Вышли из собора и повёл Ивана к себе в Крестовую. Сели друг против друга, как когда-то, шесть лет назад бывало в Казанской. Патриарх не разболокся, сидел, откинувшись в дивно богатом владычном одеянии, осиянный золотом и каменьями, как драгоценная икона, в немецких окаблученных туфлях малинового бархата с вышитыми серебром на тупых носках херувимами. Неронов в своём обычном, простеньком.

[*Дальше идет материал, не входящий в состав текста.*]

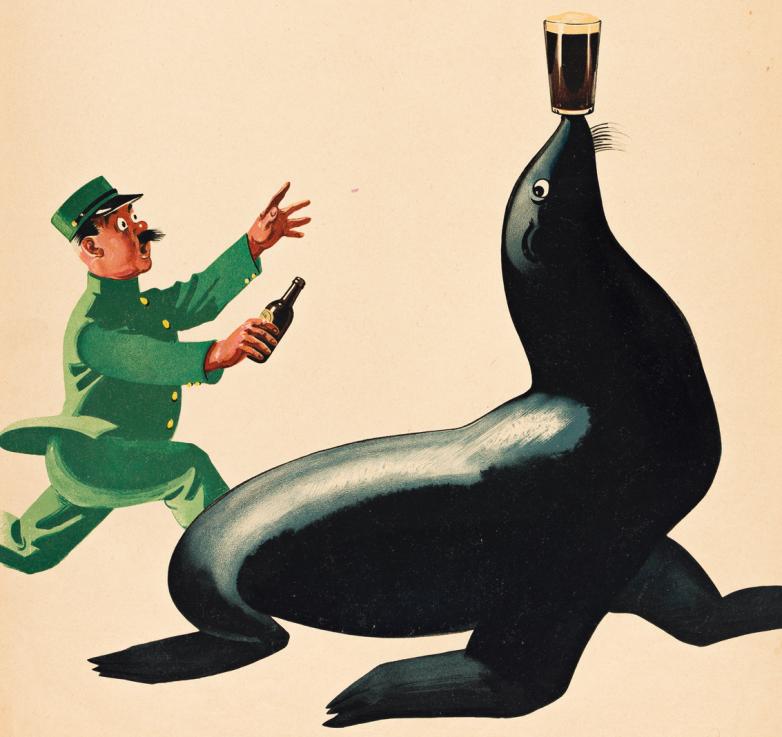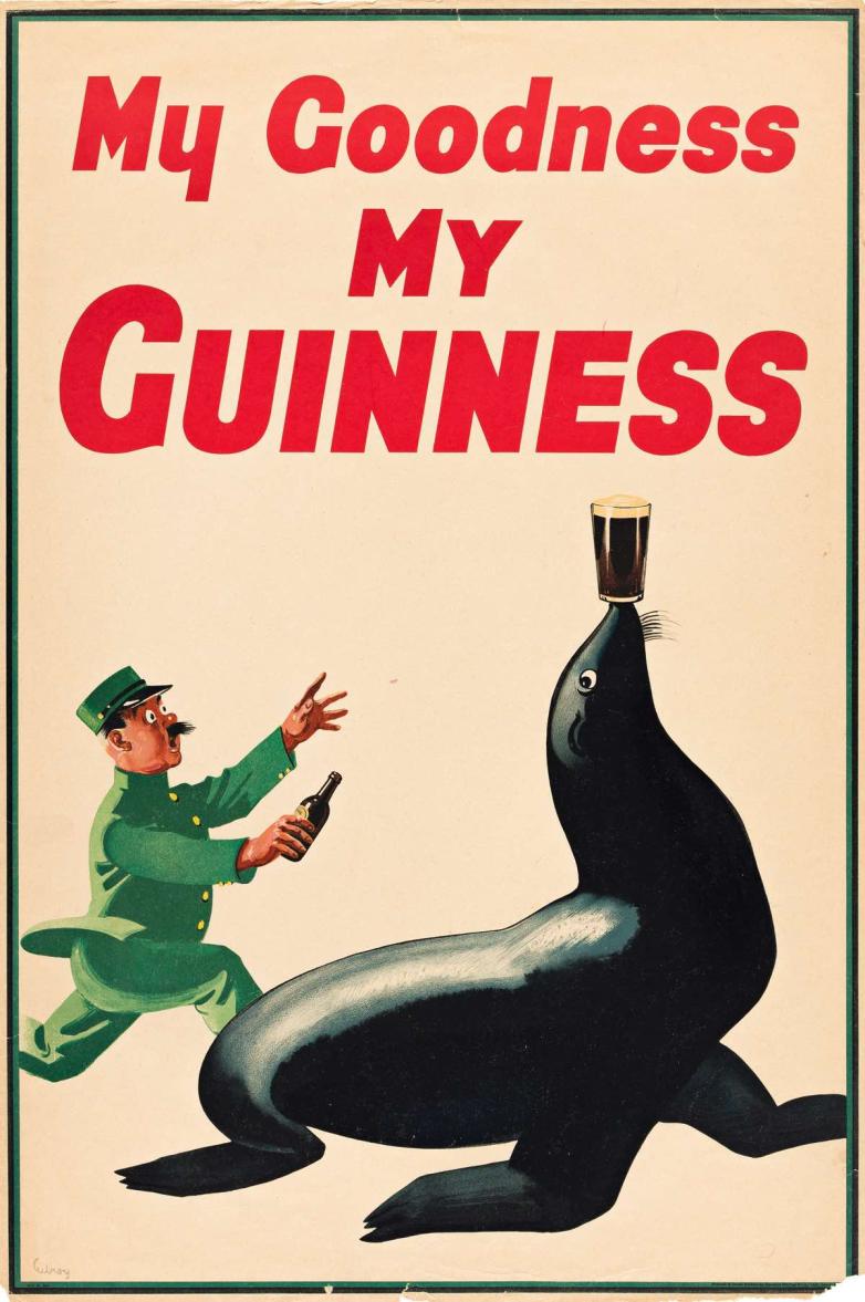 Many of the posters in this collection were designed by John Gilroy (1898-1985), who worked for the Irish brewery from 1928 to the 1960s. According to the company, Gilroy was inspired by a sea lion that he believed was smart enough to balance a pint of stout on its nose. That was the concept behind the long-lived “My Goodness, My Guinness” campaign. His 1935 sea lion poster is among those offered at Swann, estimated at $700-1,000, as are other Gilroy animals, including a toucan, an ostrich, and a turtle who encourages you to “Have a Guinness when you’re Tired.”
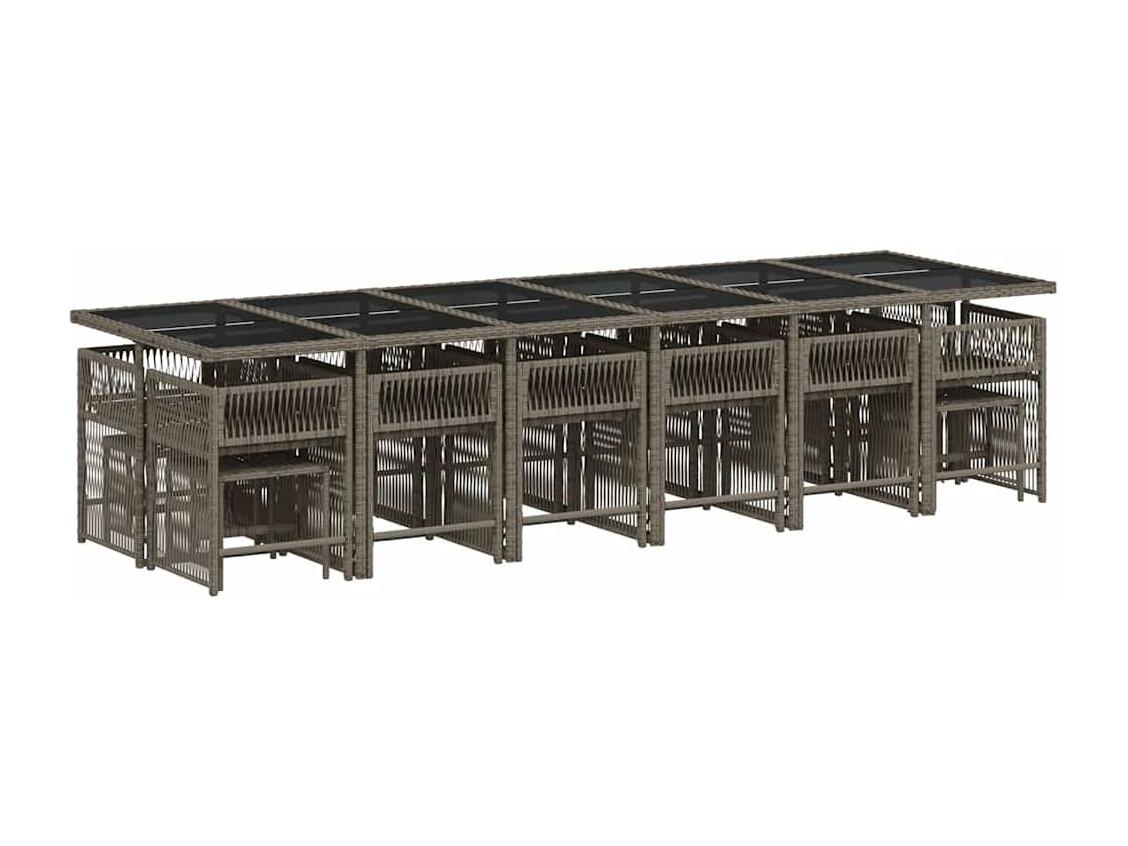 Ensemble à manger de jardin 15 pièces coussins gris résine tressée

— Тихо беседовать станем, а, Иване? — с вопроса начал патриарх, — ино как вдаве собачиться учнём?
Неронов с угла на угол перекосил плечами, вроде как обиделся:
— А как и не собачиться? — спросил, взбоднув сивой головой. — Ка-ак? Ежели который год гонишь, аки собаку. Я по-иному-то и поотвык, оно и за трапезой поманеньку взлаивать почал.